◆ Information shown ◆
........

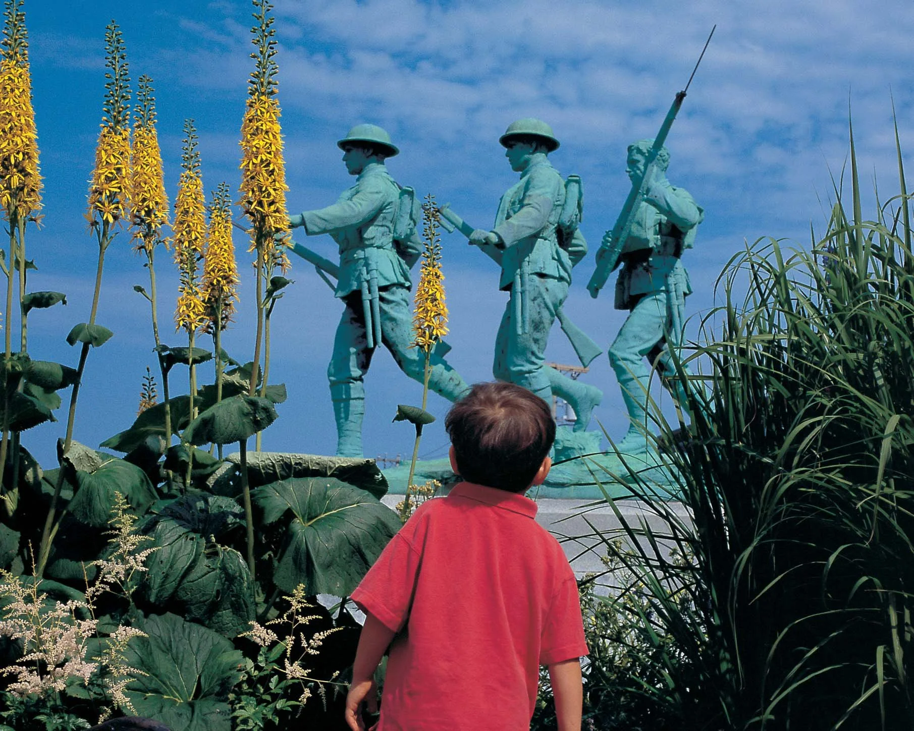 The nine diptychs comprising Touring Home From Away are presented in double-sided lightboxes that resemble advertising panels. Created in Prince Edward Island, whose economy is based mainly on agriculture and tourism, the images create an entwined narrative that explores not only the island’s iconic sites and features—the house of the main fictional character in the novel Anne of Green Gables, a lighthouse, a potato field with its furrows of red earth—but also generic, everyday places: a convenience store, a Tim Hortons, an amusement park, and a superstore. The combination of these two types of imagery, staged photographs and imitations of family snapshots, undermines the idyllic portrait promoted by the tourism industry. By presenting the works recto-verso, the artist literally shows both sides of the images, playing on reversal to disrupt the narrative and reveal what often remains unseen.
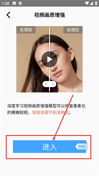 2、进入【视频画质增强】详情页后,点击底部的【进入】按钮,就能启动该功能的使用流程哦。
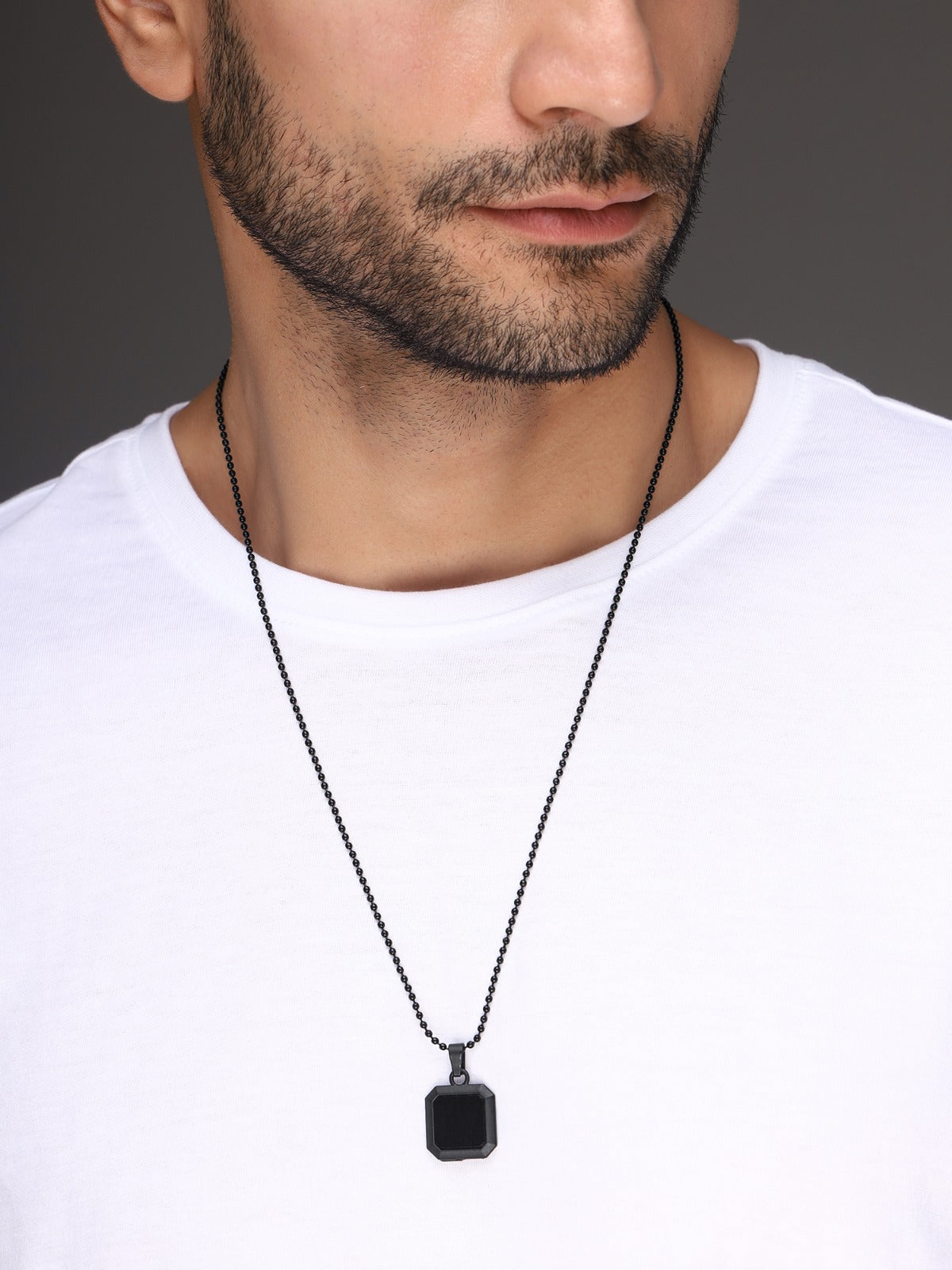 Bold By Priyaasi Black Plated Men's Chain with Square Pendant
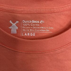 DUTCH BROS Women’s 1992 Long Sleeves Light Orange T Shirt Size L in excellent used condition. Hardly noticeable light stain on the front ( last photo) . Price offered reflects this issue. Pit to pit measures around 20”.
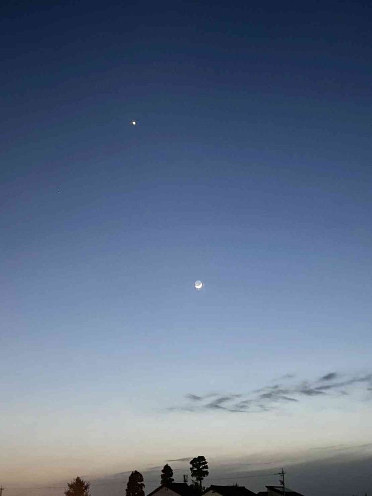 おはよ~😊 夕べは細い三日月、うちのあたりは、おぼろ三日月でした。

........

Please print all the data above word for word. Pictures should not appear in the copy.

◆ Problem solution ◆
 The nine diptychs comprising Touring Home From Away are presented in double-sided lightboxes that resemble advertising panels. Created in Prince Edward Island, whose economy is based mainly on agriculture and tourism, the images create an entwined narrative that explores not only the island’s iconic sites and features—the house of the main fictional character in the novel Anne of Green Gables, a lighthouse, a potato field with its furrows of red earth—but also generic, everyday places: a convenience store, a Tim Hortons, an amusement park, and a superstore. The combination of these two types of imagery, staged photographs and imitations of family snapshots, undermines the idyllic portrait promoted by the tourism industry. By presenting the works recto-verso, the artist literally shows both sides of the images, playing on reversal to disrupt the narrative and reveal what often remains unseen.
 2、进入【视频画质增强】详情页后,点击底部的【进入】按钮,就能启动该功能的使用流程哦。
 Bold By Priyaasi Black Plated Men's Chain with Square Pendant
 DUTCH BROS Women’s 1992 Long Sleeves Light Orange T Shirt Size L in excellent used condition. Hardly noticeable light stain on the front ( last photo) . Price offered reflects this issue. Pit to pit measures around 20”.
 おはよ~😊 夕べは細い三日月、うちのあたりは、おぼろ三日月でした。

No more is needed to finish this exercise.